Every other news article on the internet these days concerns spam. Articles about the contents of spam. Articles about spammers. Articles about antispammers. Articles about filtering. Articles about legislation. Articles about spam installing viruses that send even more spam! Go to news.google.com and plug the word "spam" into the search box and see for yourself.
Why do spammers continue to send their garbage in such staggering amounts? Because, unfortunately, some people are stupid enough to buy from them. As Paul Myers once said, "Spammers exist because people buy from them. It typically takes from 1,000 to 10,000 spams to make one sale. If you buy from a spammer, you are PERSONALLY responsible for the next 1,000 to 10,000 spams sent... Including the porn spam sent to your kids."
It's like the drug war, as long as someone is stupid enough to buy what they're peddling, it will never be stopped and the so-called "War on Drugs" will never be won. Unfortunately, there is no way to pass a law against stupidity, no matter how nice the world would be if we could. What's really sad is that the fact that even if you do try to buy whatever is being pitched, often it is nothing but a scam.
The problem is so bad now, that companies that send legitimate email in large quantities are finding it extremely difficult to do so. Between spam filtering services, ISPs unwilling to host large mailing lists, inboxes crammed full so full of spam that legitimate email bounces, and the perception that all email marketing is spam, it's becoming hard to make a buck using the internet's "killer app". Online merchants find it next to impossible to find people willing to voluntarily receive legitimate marketing emails.
Stop rolling your eyes. There is such a thing as legitimate email marketing. Email should be the perfect way for businesses to keep past customers coming back over time. Let's take Barnes & Nobles for instance. I bought a couple of books from their online store several months ago. On the buying page, there was the ubiquitous "I would like to receive updates...." option.

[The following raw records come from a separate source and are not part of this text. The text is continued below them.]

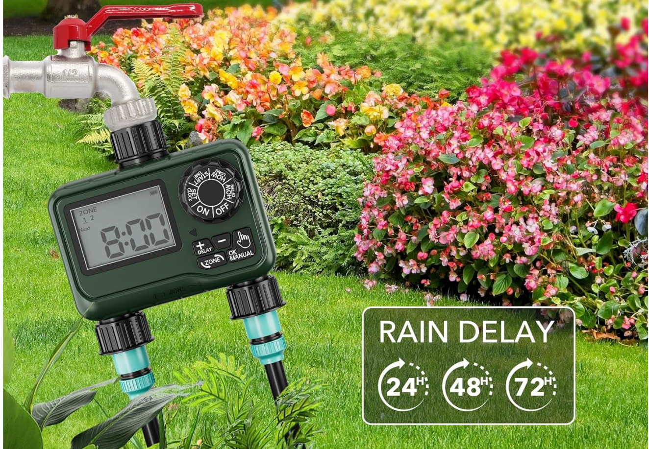
Figure 7: Timer display indicating the rain delay feature and duration options.

Independently set the Delay duration of Zone 1/2 Activate rain delay mode to Save Water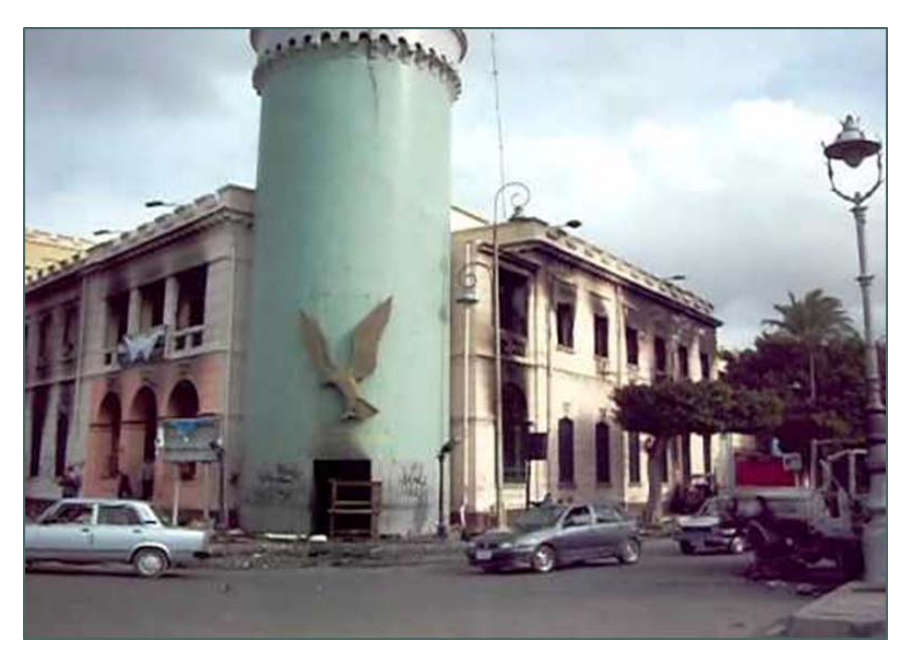
Pl. 6: Police headquarter of Bab Sharki

Although Ernesto Verrucci renovated Ras al-Tin palace and designed Haramlek palace in Montazah (pl. 7), he gained fame from his projects for the Italian community such as building Casa di Vittorio Emmmanuell III before his visit to Egypt and the monument of Ismail il Magnifico (pl. 8) (Pallini, 2005, p. 2, Awad, 2008, p. 184)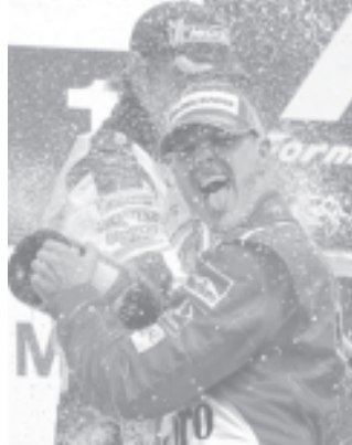
Second placed British Honda driver Jenson Button and winner, German Ferrari driver Michael Schumacher, front, spray champagne during the winner's ceremony of the Formula One German Grand Prix.

LONDON, 3 Jan— Ferrari's Michael Schumacher is preparing for another season of success, this time as the oldest driver in Formula One.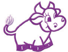
COW* File: QCH6247 3.24"W X 2.59"H ST: 3,150 Colors: 2 1. Lt. Purple 2. Dk. Dk. Purple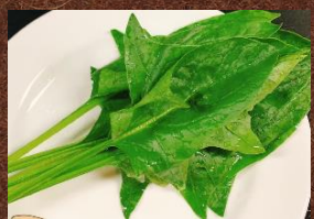
No.330 ほうれん草 HORENISO 1$ Spinach ត្រីប្រូតករោត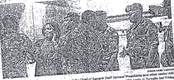
Defence Cabinet Secretary Raychelle Omamo joins Chief of General Staff Samson Mwatethe and other senior military commanders in receiving soldiers who survived the Al-Shabaab attack on a KDF camp in Somalia last Friday. The soldiers were flown to Wilson Airport in a military aircraft yesterday.

President Uhuru Kenyatta yesterday declared that Kenya would not be cowed by terrorists as the Kenya Defence Forces mounted a counter-offensive against Al-Shabaab bases in Somalia. Although the Chief of Defence Forces, Gen Samson Mwatethe, described the counter-attack as "a delicate operation", military planes conducted air strikes against Al-Shabaab, while on the ground, tactical units used armoured vehicles to hit the terrorists' camps in retaliation for the Friday dawn raid against a KDF camp in Eldadde, Somalia. "We shall defend our country by all means and we will unite with other countries in the region to defeat these terrorists," the President warned when he addressed a gathering at Lango Bays Primary School, grounds in Kilifi County. "We shall defend our country and we will unite as a region, fight and defeat them to ensure we live in peace." He asked Kenyans to support the military campaign in Somalia. "We need to give them our full support because it is through their sacrifice and selflessness that we are able to enjoy the current peace and development," he said. "Without the work they are doing (in Somalia) there cannot be development," said the President. And speaking in Nairobi after receiving another group of soldiers who were injured in the Friday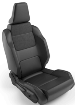
'Modern' – Black cloth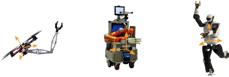
Fig. 2: Three different multi-joint mobile robots at LAAS: the flying manipulator Aeroarm (left), the mobile manipulator Jido (center), and the humanoid robot Talos (right). The usual choices for their root frame placement are displayed.

its dimension is imposed by the nature of the system. The control input \mathbf{u} \in \mathbb{R}^m describes the rudders thanks to which the system can be driven and the output \mathbf{y} \in \mathbb{R}^p is the vector of data provided by sensors. Using this formalism, the state-space representation of the system is given by :

Since B & N was courteous to leave that box unchecked by default and declare in clear terms that the address would not be provided to anyone else, I checked it to see what would happen. To date, no one but Barnes & Nobles has ever used that particular email address. About once every two weeks, they send an email announcing several books that have been discounted.
That's an ad, yes, but who cares? I like books, I'm a customer, and sooner or later a book I want will be among those discounted. That is how email marketing is supposed to work. Unfortunately for companies who would occasionally like to lure a former customer back to the web site, the overwhelming majority of people will leave that box unchecked. Even if people believe the web site's promise never to provide their email address to anyone else, who wants to agree voluntarily to ads in their email when they already receive dozens of unwanted ads a day?
Chris Pirillo declared recently that the age of the email newsletter is coming to an end. Considering that his business was built around, made famous by, and continues to exist because of the different Lockergnome newsletters, that's a chilling statement.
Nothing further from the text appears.